Larry Page, billionaire co-founder of Google and its parent company Alphabet, has had a pretty good track record for philanthropic giving during the holidays over the last several years. In 2015, he gave away about $94 million through his foundation, then in the following year, he added about $35 million to the sum and did it again. In 2017, $180 million was contributed to various causes in Christmas gifts from Page's foundation. Altogether, Vox reports that Page has donated an ostensibly impressive $2 billion to his Carl Victor Page Memorial Foundation, much of it during the holiday season. But according to that report, little if any of this money is actually going straight to charity, but instead to something called DAFs, or donor-advised funds, a practice that some say is being used to dodge financial accountability in charitable endeavors.
When a philanthropist like Page starts a non-profit foundation, it's required by federal law to give away at least five percent of its assets every year, or it could lose its tax-exempt non-profit status. Donor-advised funds are essentially "charitable checking accounts" that allow for large lump sum donations to be dispensed by whoever writes the checks over time. They allow such philanthropists to "give away" money that they still have a measure of control over rather than actually giving it away, all while still counting such sums towards the five percent rule.

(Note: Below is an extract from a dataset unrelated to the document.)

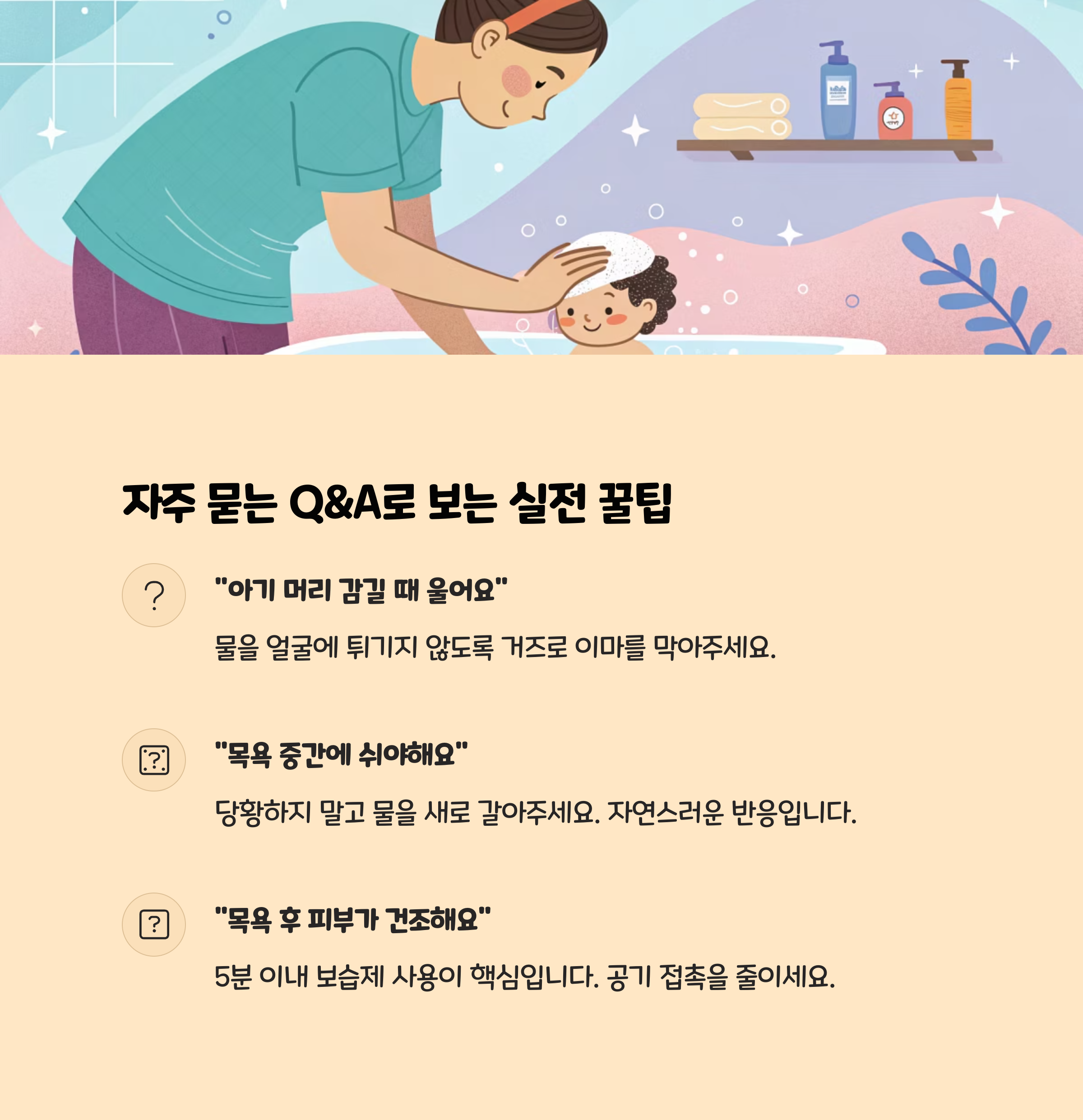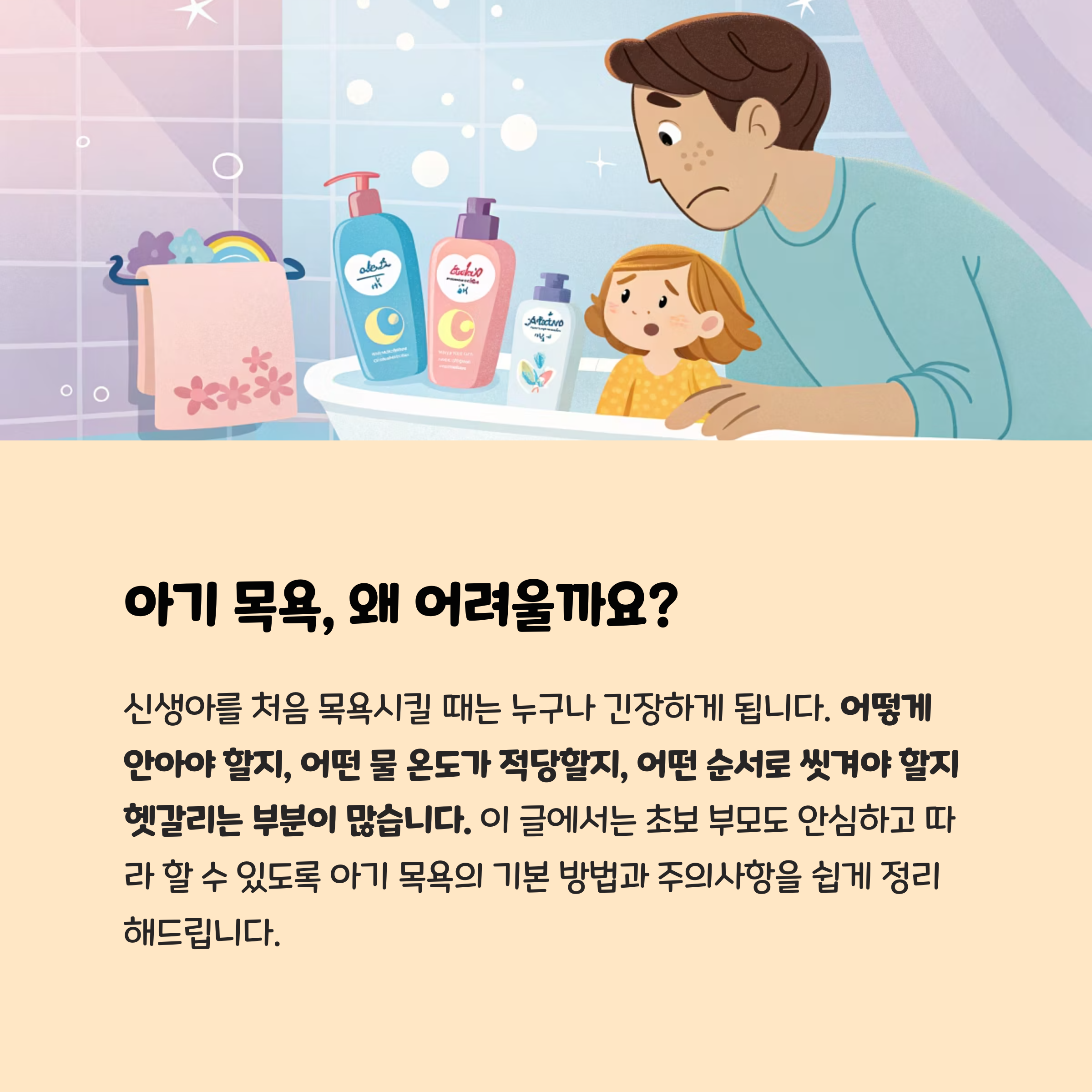 어떻게 안아야 할지, 어떤 물 온도가 적당할지, 어떤 순서로 씻겨야 할지 헷갈리는 부분이 많습니다.

You can see how this works by taking a look at the Carl Victor Page Memorial Foundation's financial giving for the year 2017 (the most recent for which tax records are available). That year, the foundation gave less than a million dollars directly to charity, with a $1,000 gift to the American Cancer Society, almost $100,000 to a non-profit called the New Venture Fund, and nearly $800,000 to fund free flu shots for students in Oakland, California. Not chump change for most people, perhaps, but significantly less than what a foundation with a $3 billion foundation needs to give away to hang onto its tax exemptions.
So before the end of 2017, with an encroaching deadline that could have brought with it millions of dollars worth of taxes, the foundation announced gifts of $100 million to National Philanthropic Trust, and $80 million to Schwab Charitable. These two entities both control a large amount of DAFs for their respective clients, and are supposed to represent a stop for charitable funds on their way to actual good causes.
But what happens to the money once it hits those DAFs isn't a matter of public record, but is instead essentially a matter of trust that these funds will be used to benefit other non-profits. The money doesn't still belong to the philanthropist in question, but he or she can still exercise advisory control over it, and there is no legal requirement for these DAFs to disclose how much they give or to which organizations.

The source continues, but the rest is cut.